The joint efforts of traditional finance, internet platforms, and the native power of cryptocurrencies have upgraded stablecoins from "crypto-specific settlement tools" to widely available digital payment intermediaries, while also raising higher requirements for their regulatory compliance.
Structural Challenges Behind the Scale Boom
Despite the market's strong performance, stablecoins still face numerous structural challenges and controversies:
Real usage scale issue: Although the total transfer amount of stablecoins reaches 36 trillion USD, about 70% to 80% of it may be composed of "virtual traffic" such as transfers by bots and within exchanges, and the actual usage scale by individuals or enterprises still needs to be further defined.
Pegging mechanism and transparency issues: The market-leading stablecoins have yet to release a complete audit report issued by top accounting firms, and their reserve asset structure and risk exposure have long been a focal point of market controversy.
Regulatory policy differences: Countries have varying attitudes towards the regulation of stablecoins, with some regions yet to open up for use, while markets such as Hong Kong and Singapore actively take on the role of testing grounds for institutional innovation.
It is worth noting that the U.S. "GENIUS Act" has clearly stated that stablecoins are not securities, prohibits algorithmic stablecoins, and requires that reserves be 100% high liquidity assets (such as cash and short-term U.S. Treasury bonds). If this legislation comes into effect, it will profoundly affect the operational logic of existing mainstream stablecoins and the global compliance structure.
A Comprehensive Overview of the Evolution of Stablecoins from Six Dimensions
The report provides a comprehensive overview of the development of stablecoins from the following six dimensions using on-chain statistics, classification tracking, and cross-validation of public information:
Development History: A review of the ten-year evolution of stablecoins, from the earliest BitUSD to today's mainstream stablecoins.
Market Landscape: Detailed explanation of the current dual oligopoly structure, distribution of issuance shares among various public chains, and trends in monthly active users, among other key data.

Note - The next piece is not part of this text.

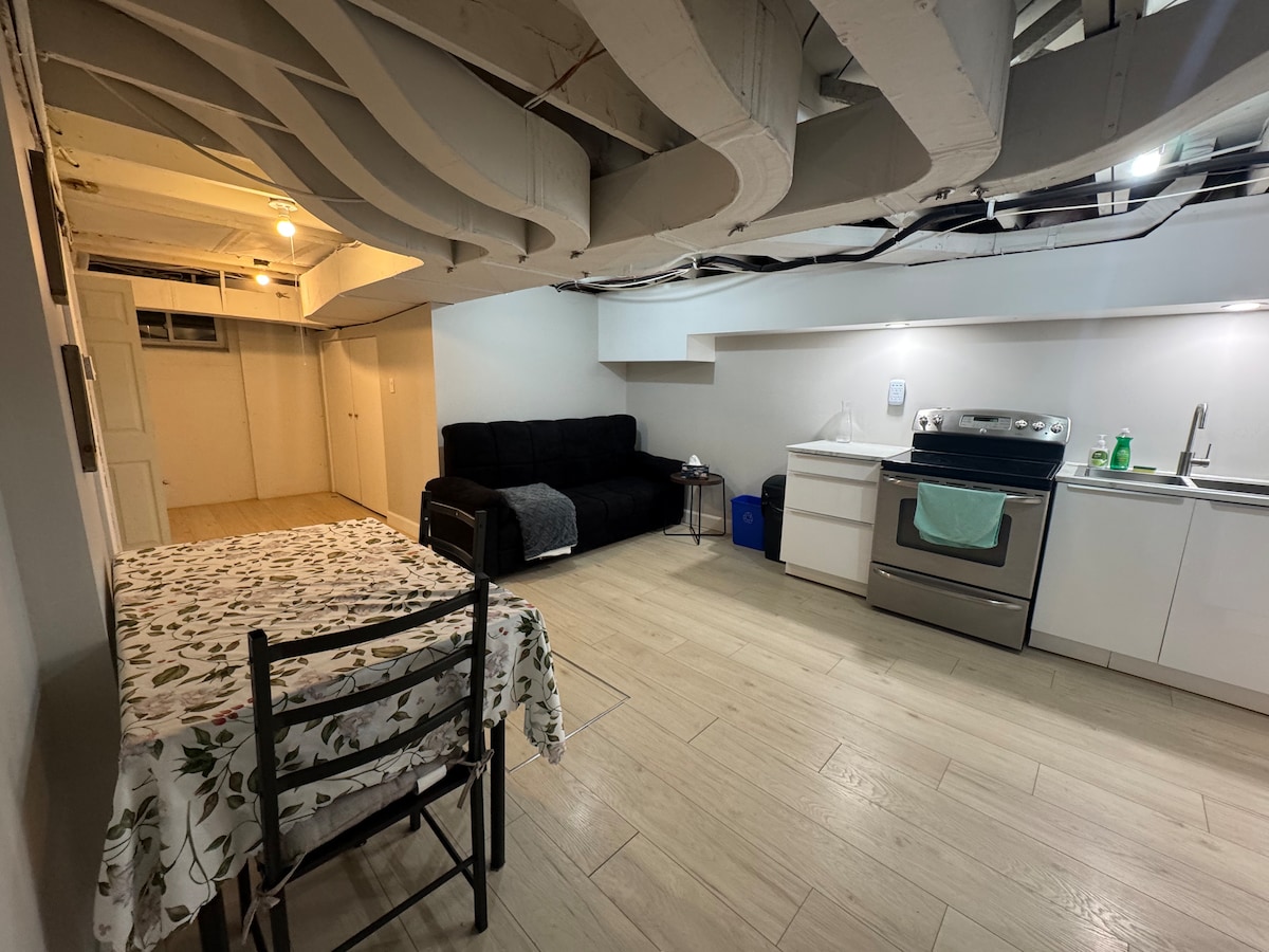 Tranquilo y acogedor apartamento en el sótano de 2 dormitorios, estancias largas bienvenidas. Entrada separada en el patio trasero, uso de la lavandería compartida y estacionamiento disponible, entrada trasera que es muy estrecha o estaciona frente al garaje. Entrada con código de llave para la puerta principal del departamento. Patio al aire libre con barbacoa en los meses de verano. En el interior hay muchos servicios. El autobús se detiene justo enfrente de casa a la ubicación del centro de la ciudad para ir de compras o aquí en un hospital médico a poca distancia a pie.

Application Scenarios: Focus on the key role of stablecoins in cross-border payments, DeFi, retail payments, and the tokenization of physical assets.
Global Regulation: Systematic overview of the regulatory dynamics and legislative paths of major economies such as China, the United States, the European Union, Hong Kong, Japan, and South Korea.
Future Potential: Analyzing how stablecoins could become a global payment network, the purchasing power of US government bonds, and the competitive and cooperative relationship with central bank digital currencies.
Risk Warning: Covers potential challenges such as depegging, audit transparency, systemic attacks, and anti-money laundering regulatory issues.
The report also particularly points out that non-USD stablecoins are still in the early stages of development: the market capitalization of euro stablecoins is less than 500 million USD, while the market capitalization of stablecoins for currencies such as the yen, pound, and won is mostly in the tens of millions of USD, indicating significant expansion potential in the future.